The HF(v'=3) forward scattering peak of the F + H2 reaction revisited

TL;DR

This study uses quantum mechanical calculations to analyze the forward scattering peak of HF(v'=3) in the F + H2 reaction, revealing it results from energy constraints and rotational effects at specific vibrational levels.

Contribution

It revisits the HF(v'=3) forward scattering peak with detailed quantum calculations, clarifying its origin from combined vibrational and rotational dynamics.

Findings

HF(v'=3) forward scattering peak caused by energy constraints and rotational effects

The peak's intensity increases with higher vibrational levels v'

Absence of high j' products at v'=3 due to energy limitations

Abstract

A quantum mechanical coupled-channel scattering calculation on the Stark-Werner potential energy surface is used to study the F + H2(v=0; j=0,1,2) ---> H + HF(v', j') reaction at collision energies of 1.84, 2.74, and 3.42 kcal/mol.

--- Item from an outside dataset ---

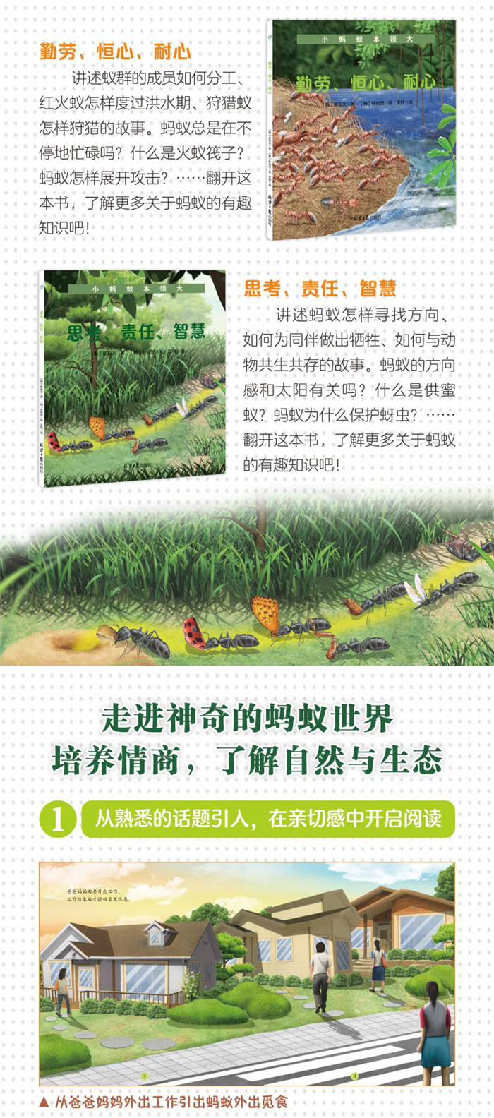 从熟悉的话题引入,在亲切感中开启阅读 生动有趣的故事,带孩子走进蚂蚁的世界 放大镜一样观察,了解蚂蚁们的点滴生活 细致、生动的画面,领略优美的自然风光 学习蚂蚁的精神与品格,培养优秀的情商 细致讲解,揭秘藏在蚂蚁身上的科学原理 走进神奇的大自然,开启生物科学的大门

The dependence of the vibrationally and rotationally resolved differential cross sections on the product vibrational levels v'=0, 1, 2, and 3 as well as on the reactant and product rotational levels is analyzed. The HF(v'=3) center-of-mass forward scattering peak is shown to be caused by the superposition of two effects, namely, the absence of the HF(v'=3; j') products with large j' values due to energy constraints and the growth of the rotationally resolved HF(v', j') forward scattering peak with small j' values as v' increases.